Assignment —
Using the records provided below, locate and copy each line that contains the word "ปภาพท".
(Given data begins)
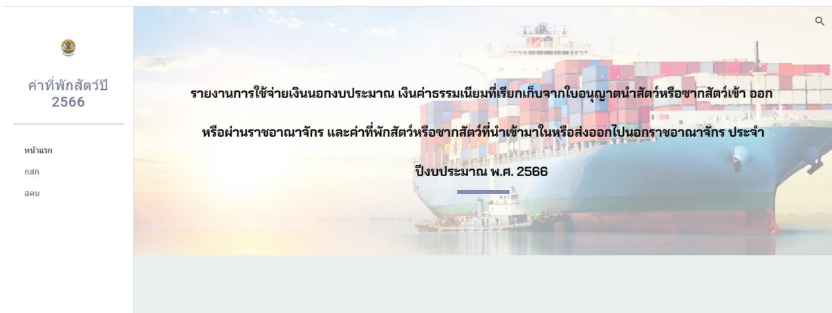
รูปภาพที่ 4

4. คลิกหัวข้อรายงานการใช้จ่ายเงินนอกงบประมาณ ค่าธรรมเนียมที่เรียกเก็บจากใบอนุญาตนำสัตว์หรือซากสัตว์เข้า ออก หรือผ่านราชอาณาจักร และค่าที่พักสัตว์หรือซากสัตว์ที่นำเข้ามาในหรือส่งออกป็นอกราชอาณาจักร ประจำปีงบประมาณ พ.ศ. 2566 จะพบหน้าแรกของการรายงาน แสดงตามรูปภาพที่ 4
(Given data ends)
(Given data begins)
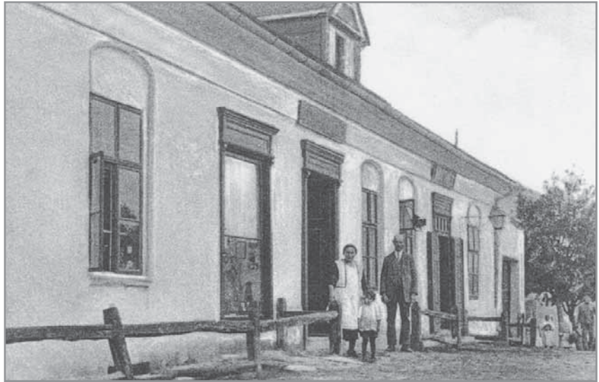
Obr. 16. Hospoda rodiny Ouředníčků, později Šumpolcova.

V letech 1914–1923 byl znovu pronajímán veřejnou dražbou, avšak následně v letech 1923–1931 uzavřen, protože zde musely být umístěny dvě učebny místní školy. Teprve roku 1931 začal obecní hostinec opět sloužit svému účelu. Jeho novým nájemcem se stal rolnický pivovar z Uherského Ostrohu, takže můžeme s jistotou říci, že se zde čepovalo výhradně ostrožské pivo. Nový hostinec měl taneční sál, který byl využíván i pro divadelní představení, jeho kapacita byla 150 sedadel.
(Given data ends)
Task output —
รูปภาพที่ 4
4. คลิกหัวข้อรายงานการใช้จ่ายเงินนอกงบประมาณ ค่าธรรมเนียมที่เรียกเก็บจากใบอนุญาตนำสัตว์หรือซากสัตว์เข้า ออก หรือผ่านราชอาณาจักร และค่าที่พักสัตว์หรือซากสัตว์ที่นำเข้ามาในหรือส่งออกป็นอกราชอาณาจักร ประจำปีงบประมาณ พ.ศ. 2566 จะพบหน้าแรกของการรายงาน แสดงตามรูปภาพที่ 4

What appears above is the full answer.